Laboratory of Theoretical Biophysics, School of Physical Science and Technology, Inner Mongolia University, Hohhot, 010021, China.
School of Economics and Management, Inner Mongolia University of Science and Technology, Baotou, 014010, China.
BMC Genomics. 2024 Sep 12;25(1):855. doi: 10.1186/s12864-024-10786-1.
Studying the composition rules and evolution mechanisms of genome sequences are core issues in the post-genomic era, and k-mer spectrum analysis of genome sequences is an effective means to solve this problem.

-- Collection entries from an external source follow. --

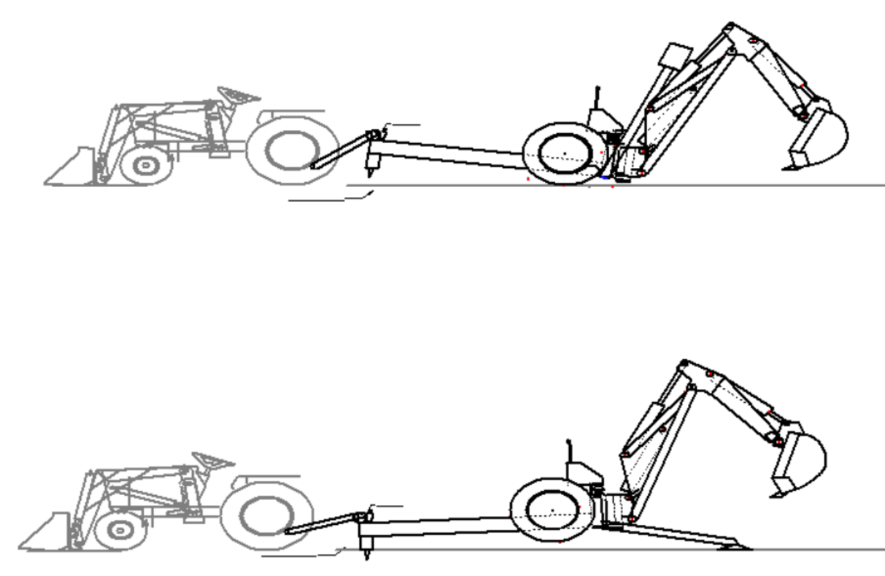 That would give you the benefit of using the heavier lift arms and the weight of the tractor as a counterweight with out needing to change how it’s attached once the hoe is in position to dig. And add stabilizers to the tractor end of the hoe. So you would have stabilizers at each corner of the hoe.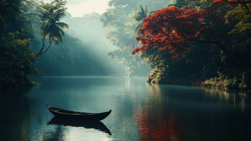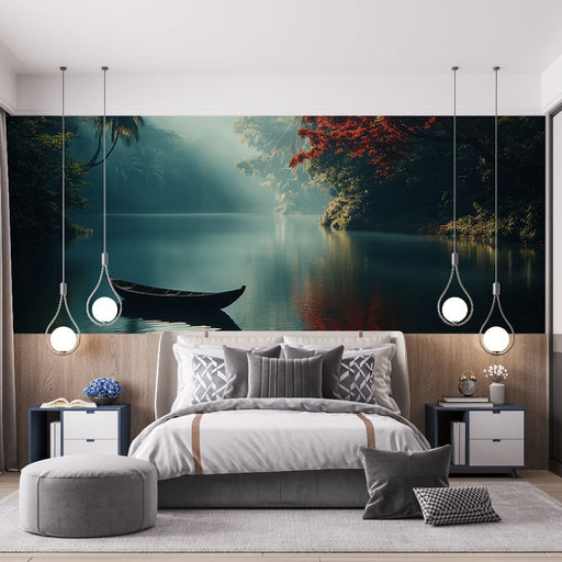 WonderMuralUnsere Tapete repräsentiert eine ruhige nautische Landschaft, in der ein kleines Boot friedlich auf ruhigem Wasser ruht, das mit Grüntönen und Lich...
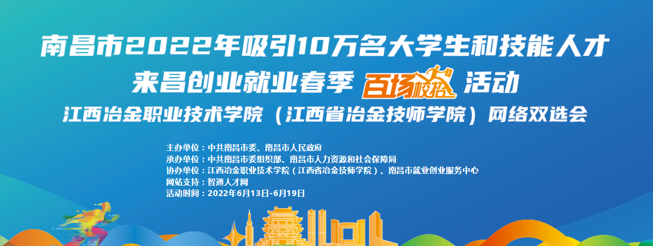本次南昌市2022年吸引10万名大学生和技能人才来昌创业就业春季“百场校招”江西冶金职业技术学院(江西省冶金技师学院)网络双选会,需登录“智通人才网”,进行注册报名并投递简历。
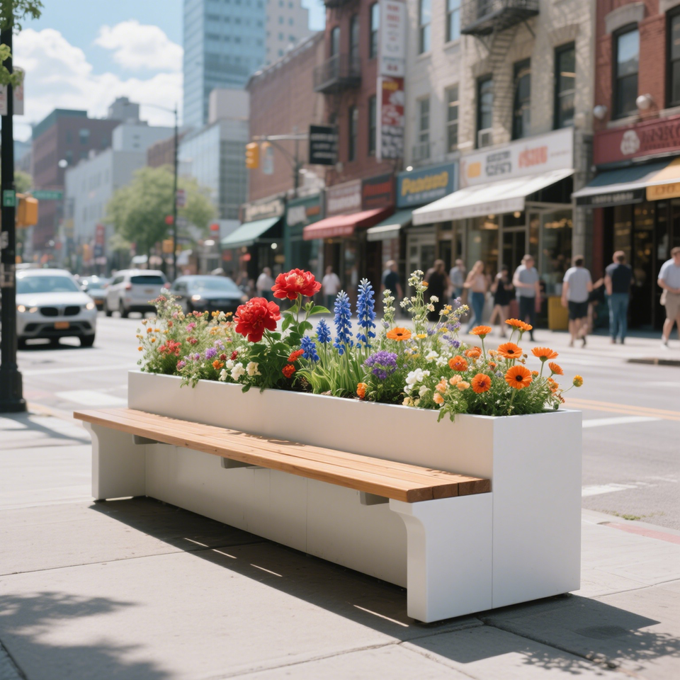 Design moderne Boîte à fleurs d'extérieur Tabouret de cour en plastique bois Combinaison Siège de terrasse Jardin Paysage Tabouret de repos pour la plantation
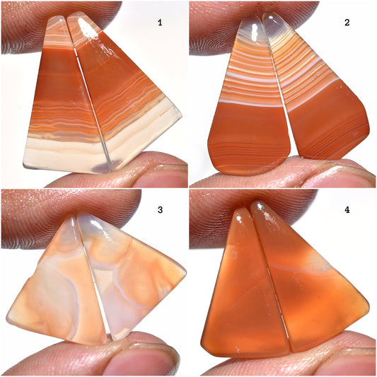 Unique 100% Natural Orange Banded Agate Cabochon Pair - Fancy Cut Slice Gems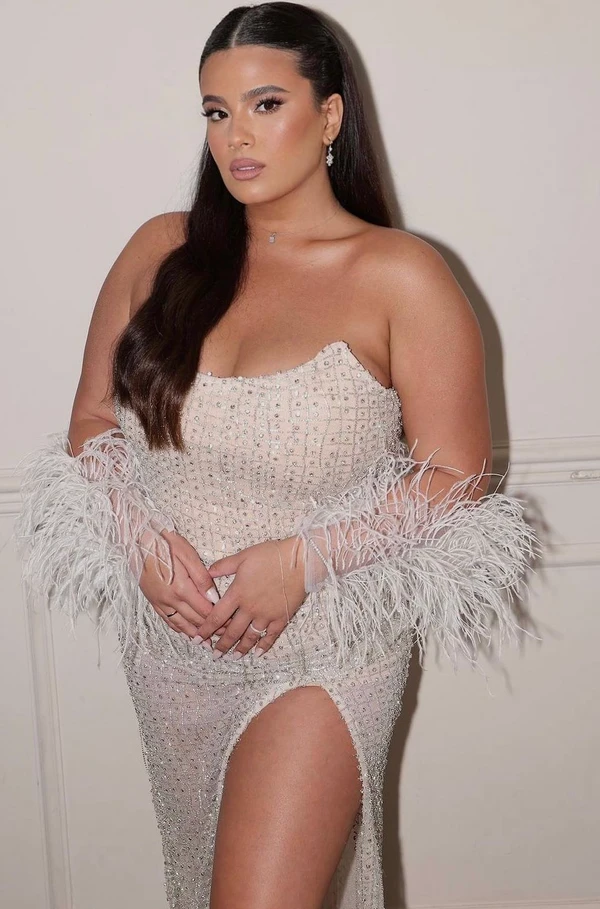 שמלת כלה מחורזת מגיעה עם של נוצות

We divided total 8-mers of genome sequences into 16 kinds of XY-type due to XY dinucleotides number in 8-mers. Previous works explored that the independent unimodal distributions observed only in three CG-type 8-mer spectra, while non-CG type 8-mer spectra have not the universal phenomenon from prokaryotes to eukaryotes. On this basis, we analyzed the distribution variation of non-CG type 8-mer spectra across 889 animal genome sequences. Following the evolutionary order of animals from primitive to more complex, we found that the spectrum distributions gradually transition from unimodal to tri-modal. The relative distance from the average frequency of each non-CG type 8-mers to the center frequency is different within a species and among different species. For the 8-mers contain CG dinucleotides, we further divided these into 16 subsets, where each 8-mer contains both CG and XY dinucleotides, called XY1_CG1 subsets. We found that the separability values of XY1_CG1 spectra are closely related to the evolution and specificity of animals. Considering the constraint of Chargaff's second parity rule, we finally obtained 10 separability values as the feature set to characterize the evolution state of genome sequences. In order to verify the rationality of the feature set, we used 14 common classification algorithms to perform binary classification tests. The results showed that the accuracy (Acc) ranged between 98.70% and 83.88% among birds, other vertebrates and mammals.
We proposed a credible feature set to characterizes the evolution state of genomes and obtained satisfied results by the feature set on large scale classification of animals.
研究基因组序列的组成规则和演化机制是后基因组时代的核心问题,而基因组序列的 k-mer 频谱分析是解决这一问题的有效手段。
我们根据 8-mer 中的 XY 二核苷酸数量将总 8-mer 分为 16 种 XY 型。以前的工作发现,只有在三种 CG 型 8-mer 谱中观察到独立的单峰分布,而在非 CG 型 8-mer 谱中,从原核生物到真核生物都没有普遍现象。在此基础上,我们分析了 889 种动物基因组序列中非 CG 型 8-mer 谱的分布变化。按照动物从原始到更复杂的进化顺序,我们发现谱分布逐渐从单峰过渡到三峰。每个非 CG 型 8-mer 的相对频率与中心频率的平均频率的距离在同一物种内和不同物种之间是不同的。对于包含 CG 二核苷酸的 8-mer,我们进一步将其分为 16 个子集,每个 8-mer 都包含 CG 和 XY 二核苷酸,称为 XY1_CG1 子集。我们发现,XY1_CG1 谱的可分离性值与动物的进化和特异性密切相关。考虑到Chargaff 第二碱基对规则的约束,我们最终得到了 10 个可分离性值作为特征集,以表征基因组序列的进化状态。为了验证特征集的合理性,我们使用 14 种常见的分类算法对二进制分类测试进行了分析。结果表明,在鸟类、其他脊椎动物和哺乳动物中,准确率(Acc)在 98.70%到 83.88%之间。
我们提出了一个可信的特征集来描述基因组的进化状态,并通过该特征集在大规模的动物分类中获得了令人满意的结果。